With changeresponse command you can override the response sent by a certain API endpoint. For example, let's say you augment the above configuration with a response named other like this:

"responses": {
    "default": "hello world!",
    "other": "HELLLO World!!"
}

In this case, by typing $ yabamo-cli changeresponse -e testAPI -m GET -p / -r other you can switch the current response to other. From now on your API will respond with HELLLO World! when someone GETs the path / (e.g. loads http://localhost:9000 in her browser).

Configuration

  • engineName: optional, you can provide a name on start with --engine (or -e) option. If you fail to provide the name of the API engine either way, the CLI will exit with error.
  • port: required, the port number your API will use.
  • routes: required, an Array of routes.
  • fallback: optional, this is the response your API will use if no route has been found (your 404 response if you will).

Routes

  • path: required
  • method: optional, defaults to GET
  • responses: required, a key=>value map where key is the name of the response, value is the response itself.
  • currentResponse: optional, could be the name of one of the responses.

Method

Possible values: GET, POST, PUT, DELETE and OPTIONS

Responses

Every response is named. If there is only one response defined, it will be used. If there is more than one but no other indication of which one to use it will default to the first one. If there is a response named default, it will have preference over other responses. If there is a currentResponse defined, it will have preference over everything else.

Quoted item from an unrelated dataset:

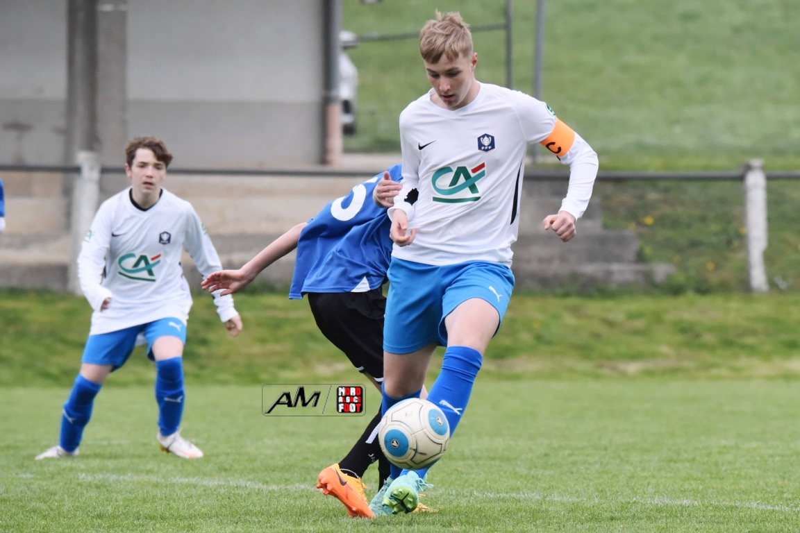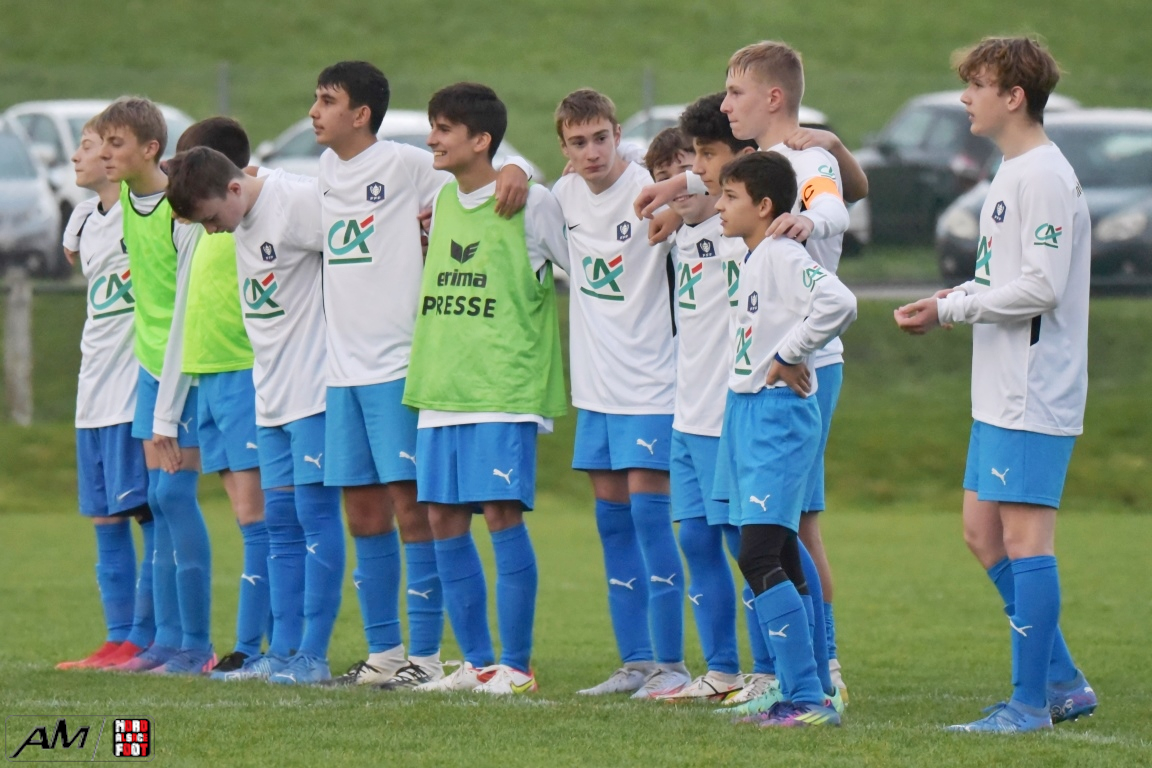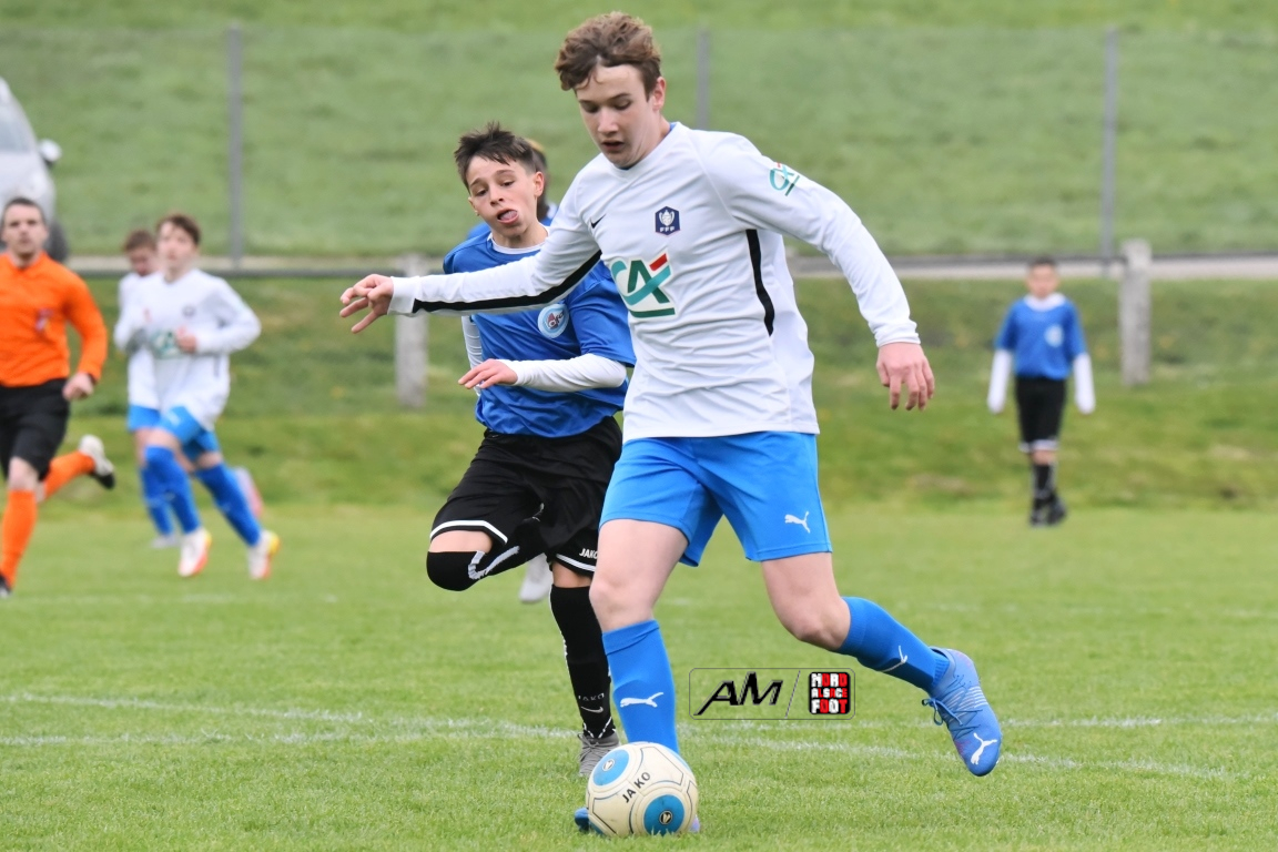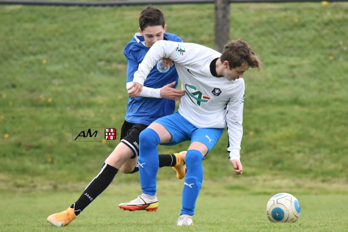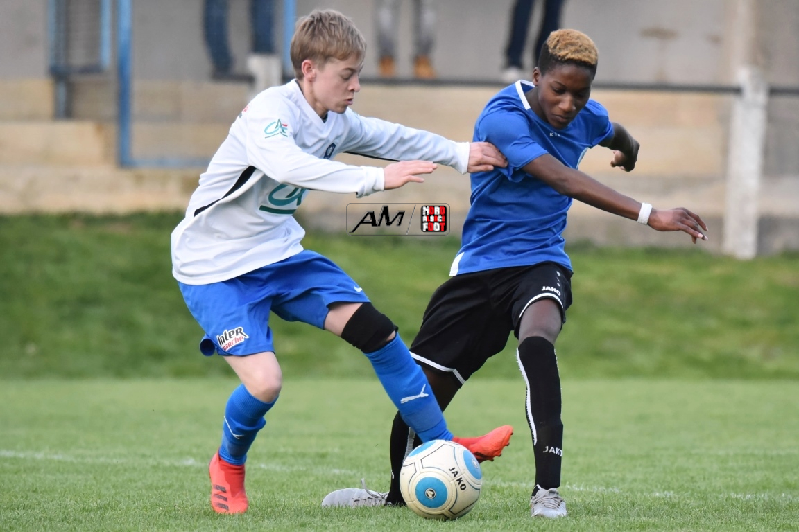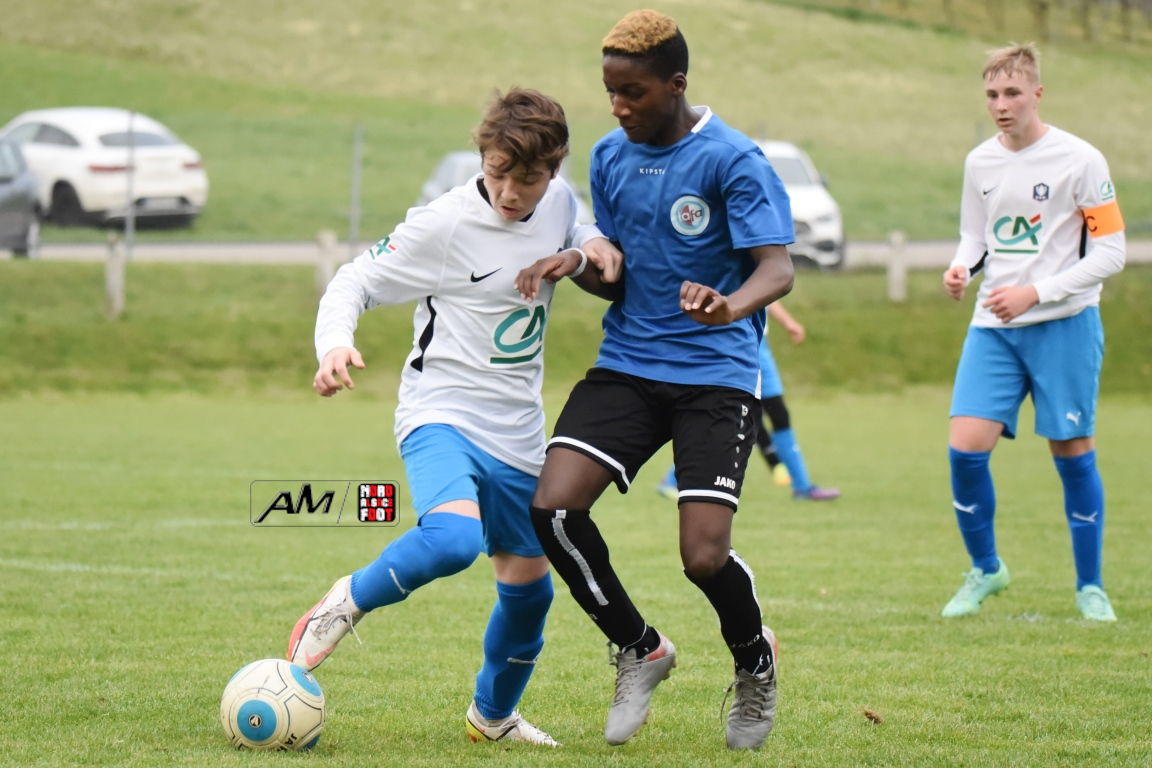 A l’occasion des quarts de finale de la Coupe d’Encouragement – Crédit Mutuel de la catégorie U15, le Groupement Jeunes d’Alsace du Nord (District 1) accueillait l’US Sarre-Union (District 3) afin de tenter de s’adjuger l’un des quatre ticket pour le dernier carré de cette compétition. Après une première période se soldant par un score de parité grâce à l’ouverture du score des locaux signée Schucke Pierre (25e) contre une égalisation des visiteurs signée Mahraoui Naël (30e), les protégés de Treger Yannick allaient reprendre l’avantage à la 45e minute de jeu par l’intermédiaire de Lusumbu Luvumbu Donald avant que les visiteurs ne parviennent à égaliser à la 65e minute de jeu par l’intermédiaire de Emanuele David, les deux formations se neutralisant ensuite jusqu’au coup de sifflet final les envoyant tout droit à la séance de tirs-au-but. Lors du premier tir, Schucke Quentin (GJAN) répondit à Rostoucher Luc. Lors du second tir, Boheim Mathieu (GJAN) répondit à Mahraoui Naël. Lors du troisième tir, Schorn Noah (GJAN) répondit à Leyser Simon. Lors du quatrième tir, Schucke Pierre (GJAN) loupa son face-à-face et Emanuele David transforma parfaitement son penalty. Lors du cinquième tir, Jautzy Maxime (GJAN) convertit son penalty tandis que Schneider Nicolas loupa son face-à-face avec Hoffschier Baptiste. Lors du sixième tir, Lusumbu Luvumbu Donald (GJAN) répondit à Bleichner Noah. Lors du septième tir, Laffitte Leopoldes Kylian (USSU) loupa son face-à-face avant que Khalaf Omar n’offre la qualification au GJAN après avoir pris Bleichner Noah à contre-pied. Retrouvez, ci-dessous, quelques images de cette rencontre et, pour en apprécier le contenu, veuillez cliquer sur l’une d’entre-elles pour afficher le diaporama.

If the response is a string or a number it will be stringified and sent with res.send(). If it is an Object or an Array it will be sent with res.json().

Debug

You can set debug mode on any route. This means that when a request arrives to that route the API will pause and wait either for instruction regarding which possible response to send or until timeout. Default timeout is 30 seconds, you can overwrite it with debugTimeout (in milliseconds). This means that running yabamo from the CLI with a configuration containing debug:true on any route or setting debug mode later leads to a situation where requests may be delayed. Use it carefully!